Female Farmers Stock Market Booth With Surprisingly Local Produce

Have you stopped by Sierra Harvest’s friendly farmer’s market booth at the Saturday morning Nevada City Farmer’s Market? Ever wonder where all that beautiful produce comes from and who grows it?

In addition to getting the word out about Sierra Harvest, the main purpose of the booth is to educate our interns about how the market works and to give them hands-on training with a production style garden. Early in the season, Katie Turner, Farm Manager for the market garden and the Food Love Project, plans what to grow and when it will be ready. Katie and the interns, Brie Gerard and Gracie Schatz, start the plants, prep the beds, maintain the garden, harvest, and work the market, which entails getting up really early on Saturday mornings to harvest, wash, and transport the goods to market.

gracie_harvesting 

Most of the produce comes from the Lost Hill farm site on American Hill Road, which is a small homestead where Sierra Harvest’s interns live, only a few blocks from the Farmer’s Market. The site has been used as a garden and homestead for a long time, and it features many heirloom fruit trees, including chestnut, walnut, almond, fig, and apple trees. Look for figs and apples from these heirloom trees at the market in the late Summer and early Fall. The new fruit trees at the site (cherries, nectarines, plums, pears, and more apples) will take a few years to produce. All of the produce from Lost Hill is certified organic by CCOF.

gracie_market

In August at the Sierra Harvest booth, you’ll be able to pick up Padron and Shishito peppers (the former is a traditional tapas menu item in Spain, excellent pan fried with olive oil and sprinkled with salt). You’ll also find beautiful heirloom tomatoes in all different colors — purple, red, orange, yellow, and green. We’ll still have arugula, cucumbers, head lettuce, and micro greens (from the Food Love Project Farm), a super food that has a high density of cancer-fighting nutrients.
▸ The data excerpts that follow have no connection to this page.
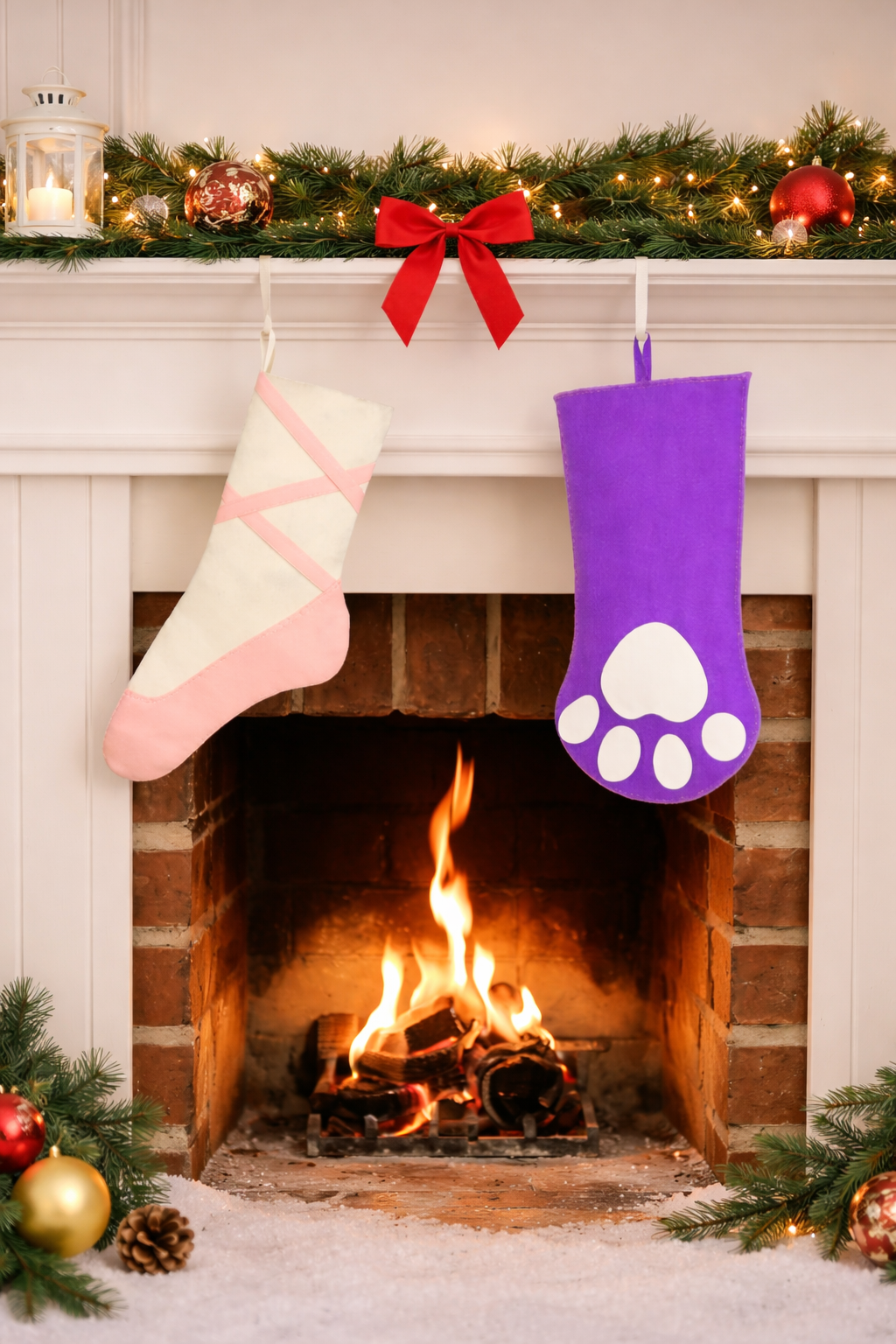 Two adorable stocking designs—one sweet and elegant, one cozy and playful—perfect for adding a personal (and paw-sonal 🐾) touch to your holiday decor,
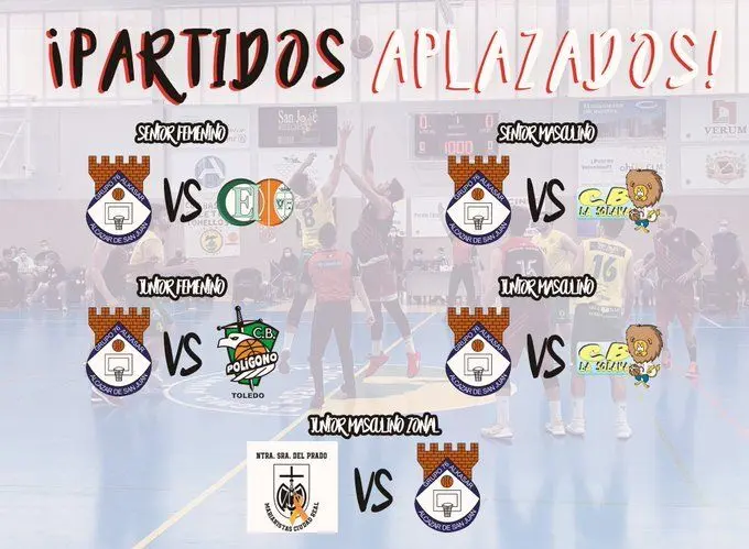 Debido a las medidas implantadas por la Consejería de Sanidad, estableciendo el Nivel 3 en todas las poblaciones de la provincia de Ciudad Real, la responsabilidad de los clubes de preservar la salud de todos sus deportistas y técnicos e evitar contagios innecesarios, las recomendaciones federativas y los acuerdos mutuos en los clubes afectados este fin de semana, se ha decidido que hasta cinco partidos de diferentes categorías del Grupo 76 Alkasar se hayan tenido que aplazar. Es el caso de los dos partidos en categoría senior, el masculino que estaba programado para este sábado a partir de las 20:00 horas en el pabellón Antonio Díaz-Miguel frente al Frutas Doña Ramoncita La Solana, choque destacado y estelar de la 5ª jornada de la liga comunitelia, entre el segundo y el tercer clasificado, y el senior femenino que debía enfrentar a las alcazareñas en la jornada matinal del domingo a partir de las 12:00 horas al CB CEI Toledo, en encuentro correspondiente a la 4ª jornada de liga en el que podría haber revivido la gran final del Trofeo JCCM de hace varias semanas en el Antonio Díaz-Miguel.
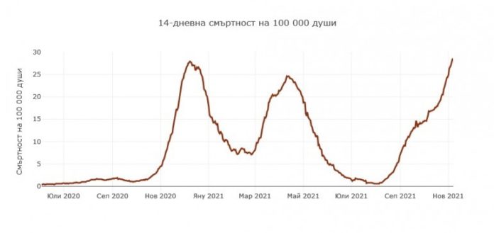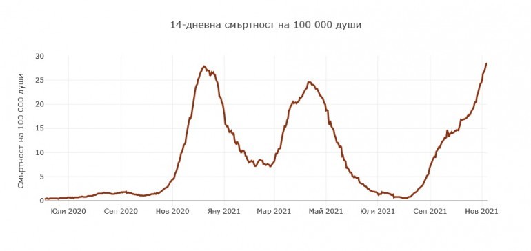 Рекордно висока 14-дневна смъртност от началото на епидемията у нас. Стойностите показват 28,5 на 100 000 души. Това сочат данните на Националния център по заразни и паразитни болести.

And, we will be featuring dried flower bouquets to brighten your house in the winter months.  Fresh sunflowers will also be available.

katie_sunflowers

Katie enjoys working the Nevada City Farmers’ Market, despite the early morning and hard work: “It’s such a nice, community-oriented activity, and it’s great seeing the happy people who eat the vegetables that we have so lovingly grown.” So stop by and say hello to Katie, Brie, and Gracie this Saturday morning between 8:30am and 1:00pm (and check out those Padron peppers while you’re there!).